++++ Provided data ++++
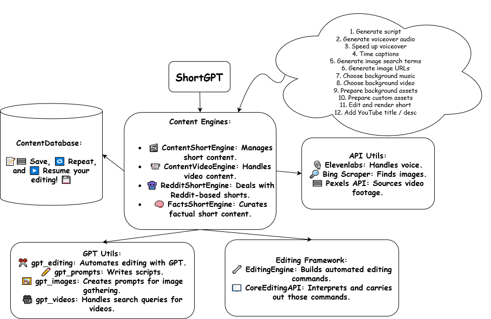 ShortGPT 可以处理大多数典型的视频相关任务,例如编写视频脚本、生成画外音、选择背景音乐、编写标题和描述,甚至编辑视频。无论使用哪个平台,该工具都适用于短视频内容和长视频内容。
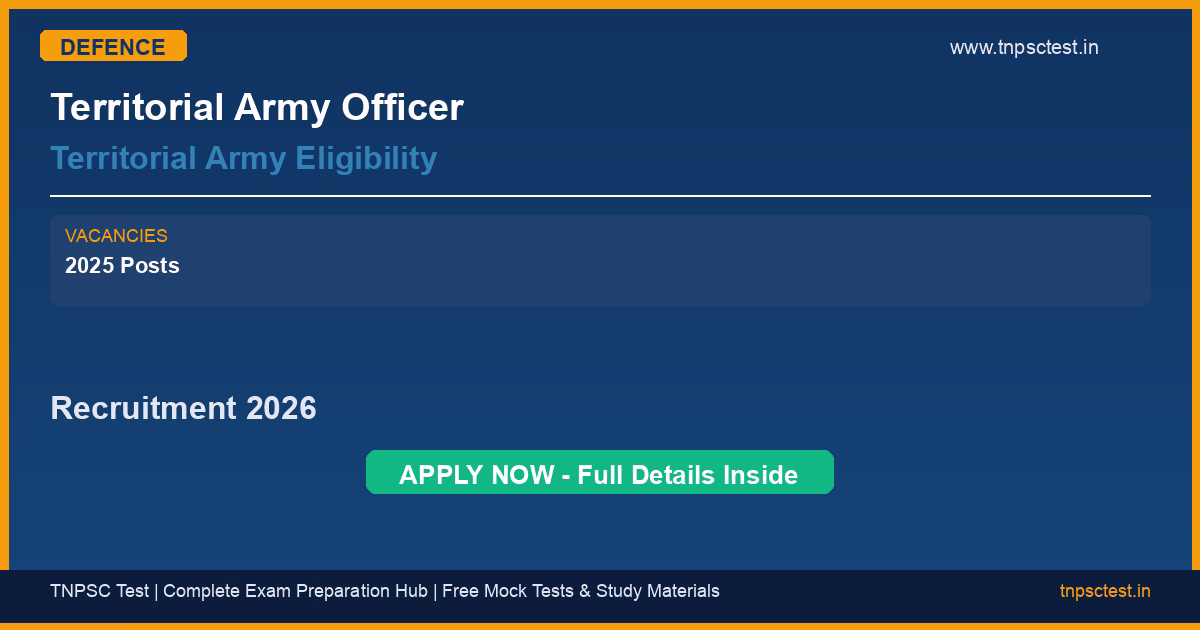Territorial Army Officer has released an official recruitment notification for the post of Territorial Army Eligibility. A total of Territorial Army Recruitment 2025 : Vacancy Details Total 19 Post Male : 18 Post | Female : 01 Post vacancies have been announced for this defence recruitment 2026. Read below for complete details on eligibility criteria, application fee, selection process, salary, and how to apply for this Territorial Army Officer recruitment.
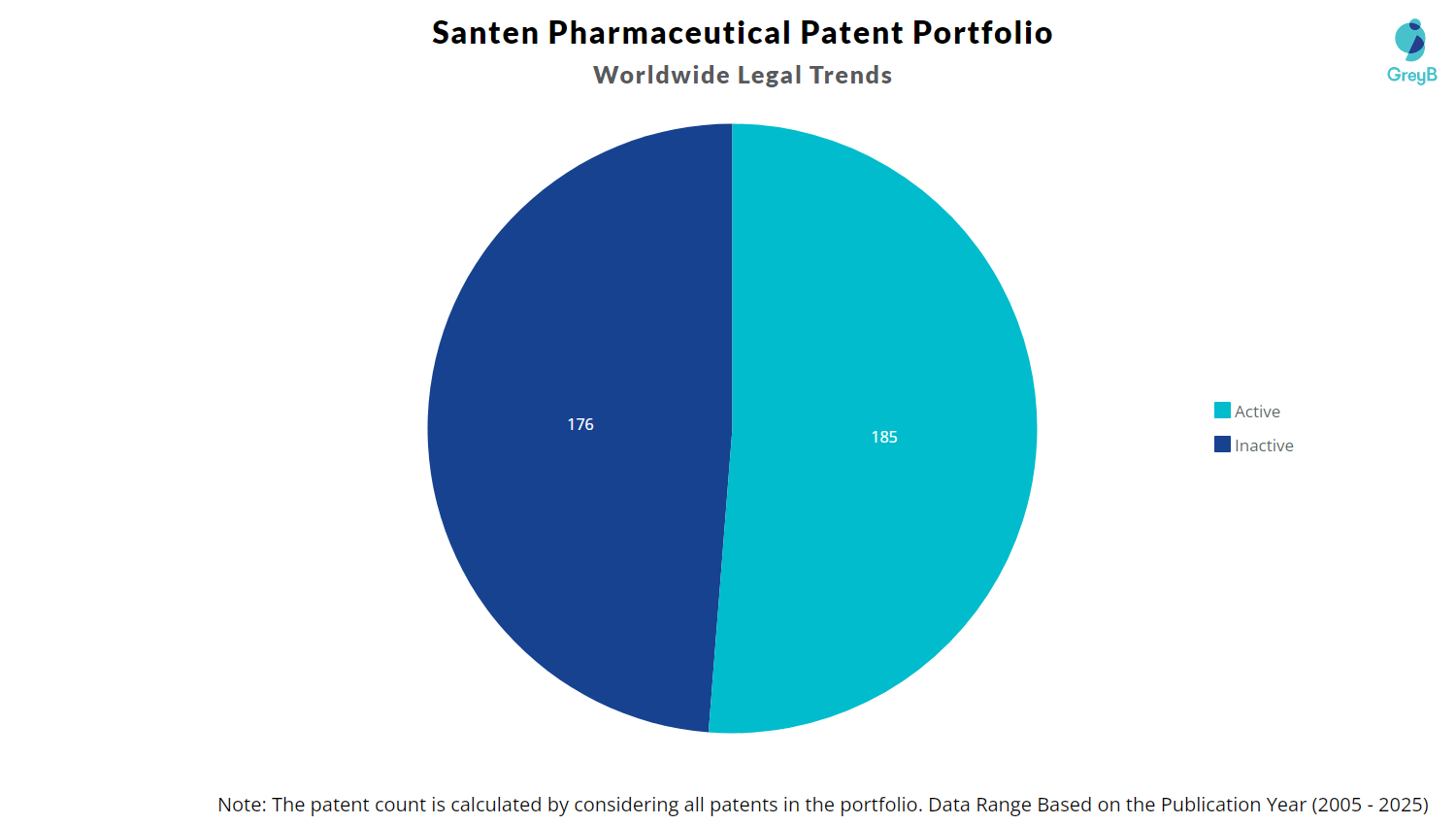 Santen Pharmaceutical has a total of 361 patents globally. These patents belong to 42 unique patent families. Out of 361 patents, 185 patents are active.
++++
++++ Provided data ++++
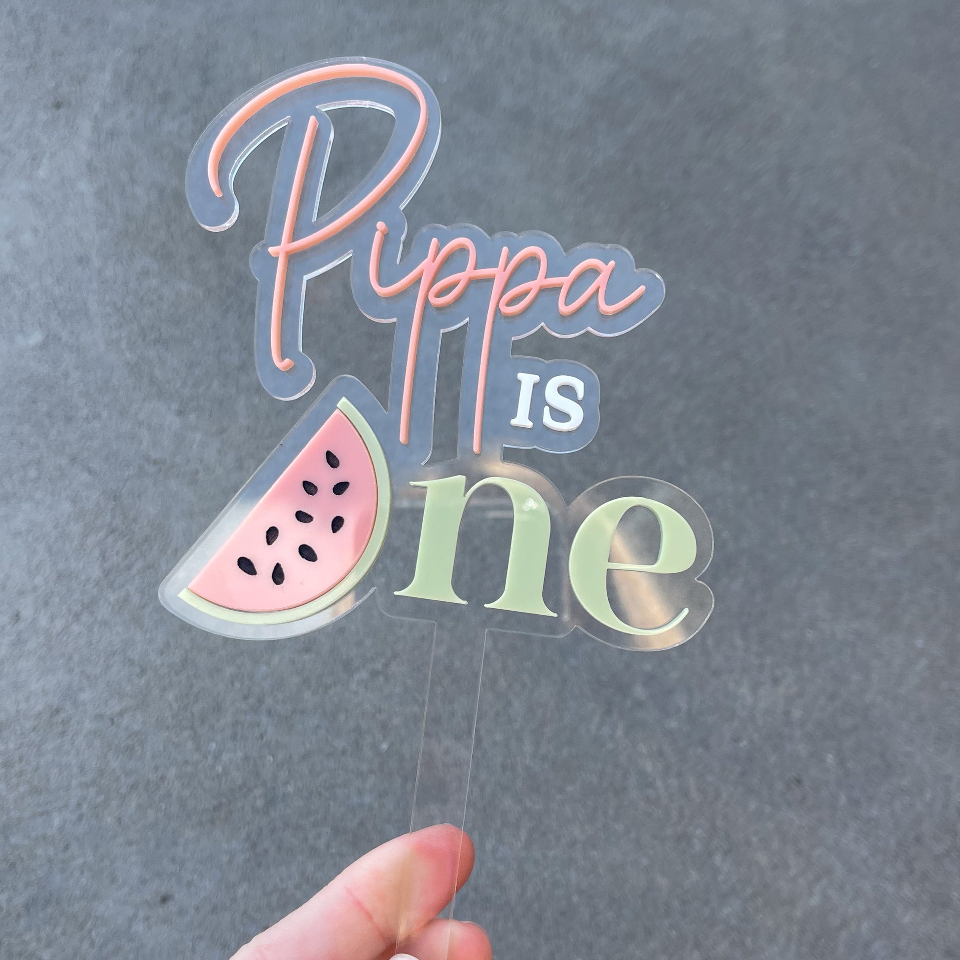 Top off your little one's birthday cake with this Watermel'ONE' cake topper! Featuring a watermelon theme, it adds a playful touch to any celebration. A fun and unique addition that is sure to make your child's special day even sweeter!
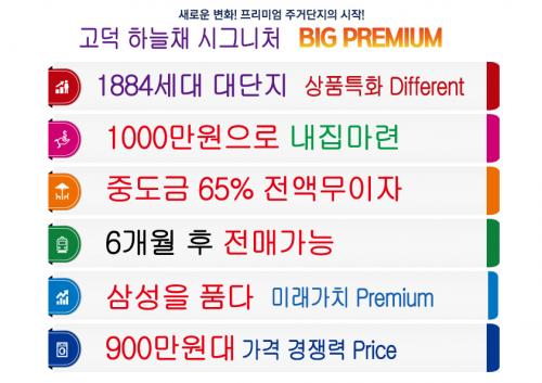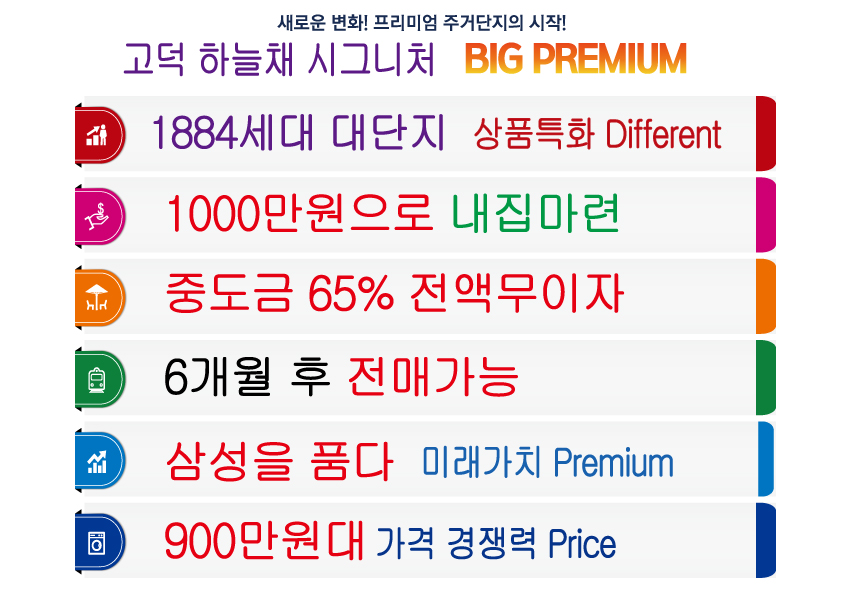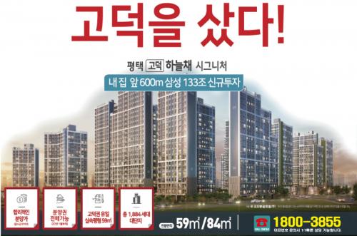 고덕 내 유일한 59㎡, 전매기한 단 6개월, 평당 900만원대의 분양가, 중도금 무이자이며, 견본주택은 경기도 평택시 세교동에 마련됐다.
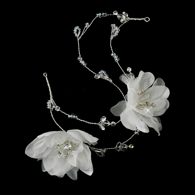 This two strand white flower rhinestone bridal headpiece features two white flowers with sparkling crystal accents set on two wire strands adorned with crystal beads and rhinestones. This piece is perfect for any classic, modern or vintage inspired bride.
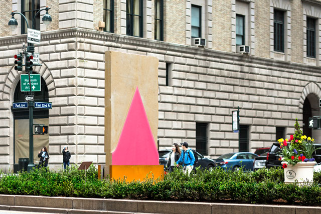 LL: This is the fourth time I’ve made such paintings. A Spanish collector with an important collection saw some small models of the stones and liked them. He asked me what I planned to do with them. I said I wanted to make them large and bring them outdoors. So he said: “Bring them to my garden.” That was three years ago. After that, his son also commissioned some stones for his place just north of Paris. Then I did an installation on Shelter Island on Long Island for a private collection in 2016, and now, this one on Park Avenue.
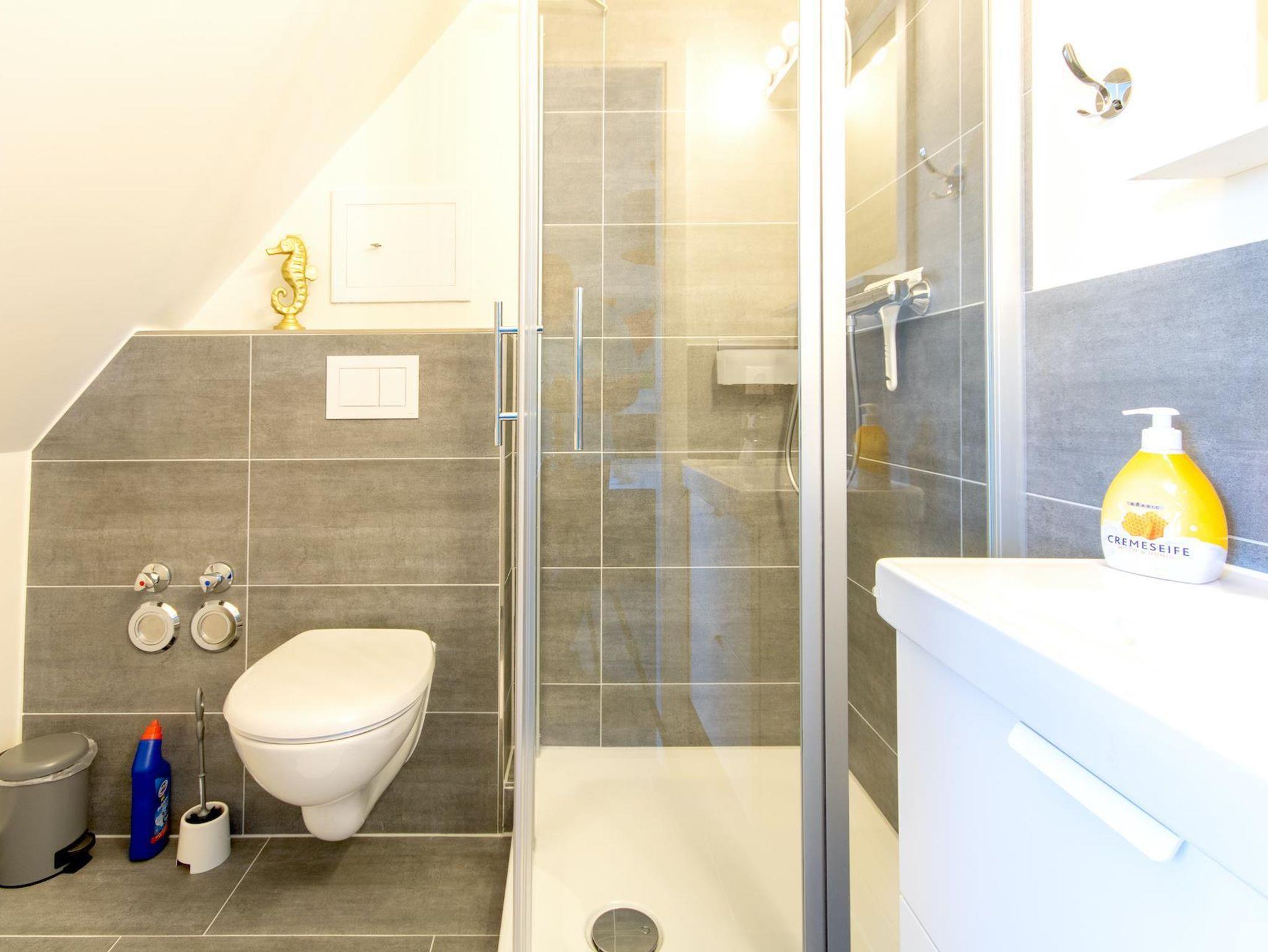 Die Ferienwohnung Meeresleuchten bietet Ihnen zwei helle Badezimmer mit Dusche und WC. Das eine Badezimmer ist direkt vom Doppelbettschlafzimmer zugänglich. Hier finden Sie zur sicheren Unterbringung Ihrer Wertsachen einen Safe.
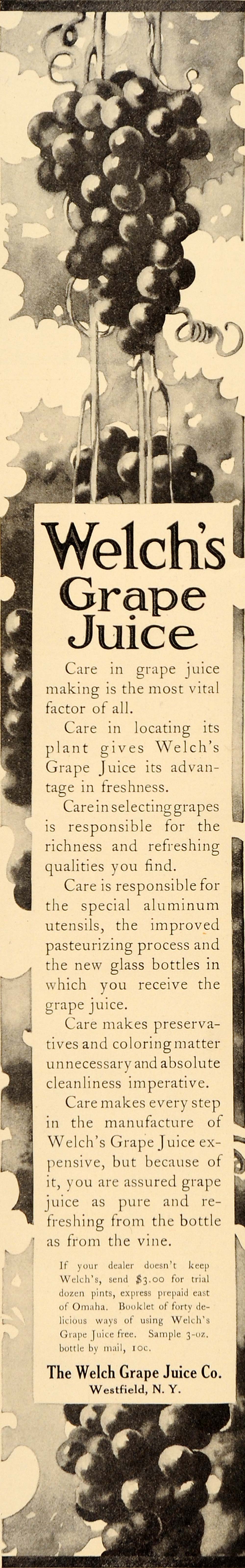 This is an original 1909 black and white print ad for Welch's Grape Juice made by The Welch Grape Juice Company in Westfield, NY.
++++
Required work: Using the material above, reproduce only the lines that run from the line with "LL: This is" up to and including the line with "This is an original", exactly, with the pictures dropped.

Written response:
 LL: This is the fourth time I’ve made such paintings. A Spanish collector with an important collection saw some small models of the stones and liked them. He asked me what I planned to do with them. I said I wanted to make them large and bring them outdoors. So he said: “Bring them to my garden.” That was three years ago. After that, his son also commissioned some stones for his place just north of Paris. Then I did an installation on Shelter Island on Long Island for a private collection in 2016, and now, this one on Park Avenue.
 Die Ferienwohnung Meeresleuchten bietet Ihnen zwei helle Badezimmer mit Dusche und WC. Das eine Badezimmer ist direkt vom Doppelbettschlafzimmer zugänglich. Hier finden Sie zur sicheren Unterbringung Ihrer Wertsachen einen Safe.
 This is an original 1909 black and white print ad for Welch's Grape Juice made by The Welch Grape Juice Company in Westfield, NY.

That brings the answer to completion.